Without any of its pictures, the listing below should be output exactly.

**Dataset section**
╭──
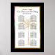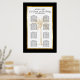 Add your own special touch to this elegant design featuring modern script and black text including an artistic gold palm tree silhouette with a metallic gold frame. This seating chart design features the bride and groom's names along with the words "Eat, Drink, and Be Merry" and "Please Find Your Seat". Templates are provided for up to eight tables with up to 8 or 9 names per table.
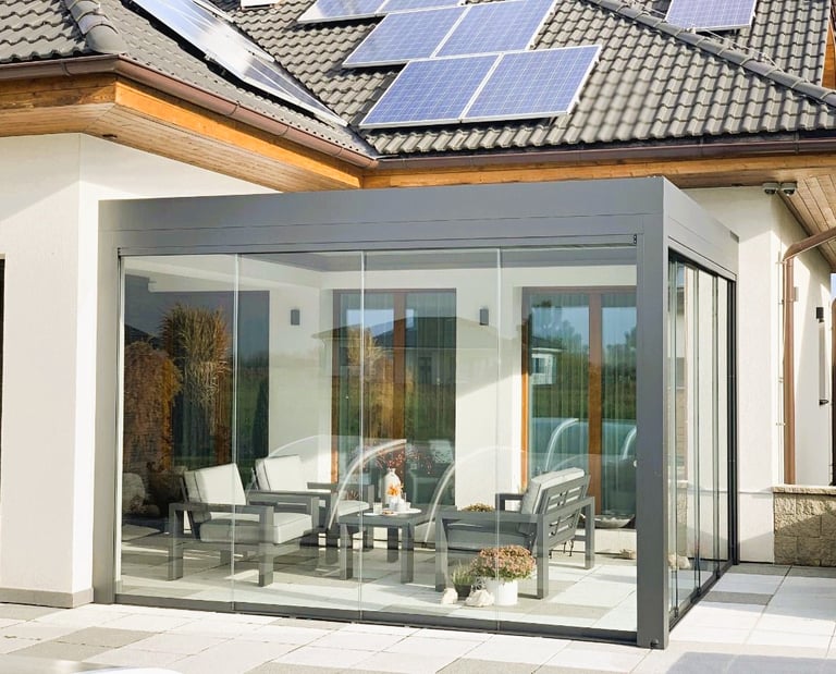 Die Seitenwände sind elegant verglast und können entweder als feste Verglasung oder als praktische Schiebesysteme ausgeführt werden, sodass sich der gesamte Raum flexibel öffnen oder schließen lässt.
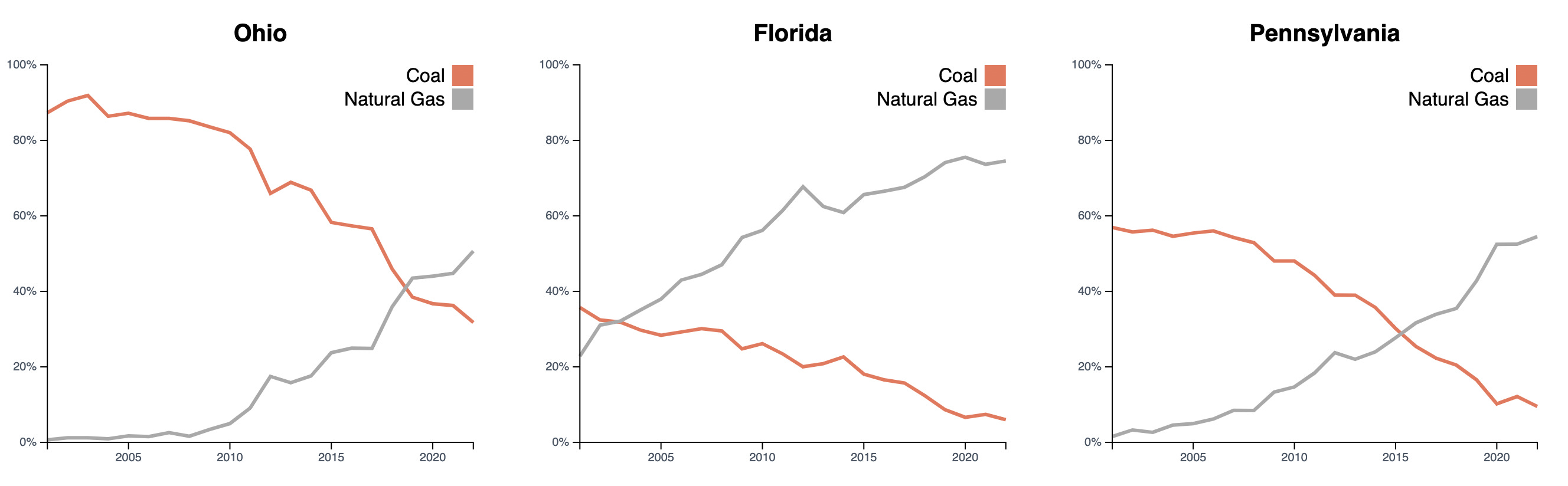 That’s why few environmentalists are celebrating the fact that states like Ohio, Florida, and Pennsylvania are replacing much of their coal power with natural gas.
╰──
**Result of the task**
 Add your own special touch to this elegant design featuring modern script and black text including an artistic gold palm tree silhouette with a metallic gold frame. This seating chart design features the bride and groom's names along with the words "Eat, Drink, and Be Merry" and "Please Find Your Seat". Templates are provided for up to eight tables with up to 8 or 9 names per table.
 Die Seitenwände sind elegant verglast und können entweder als feste Verglasung oder als praktische Schiebesysteme ausgeführt werden, sodass sich der gesamte Raum flexibel öffnen oder schließen lässt.
 That’s why few environmentalists are celebrating the fact that states like Ohio, Florida, and Pennsylvania are replacing much of their coal power with natural gas.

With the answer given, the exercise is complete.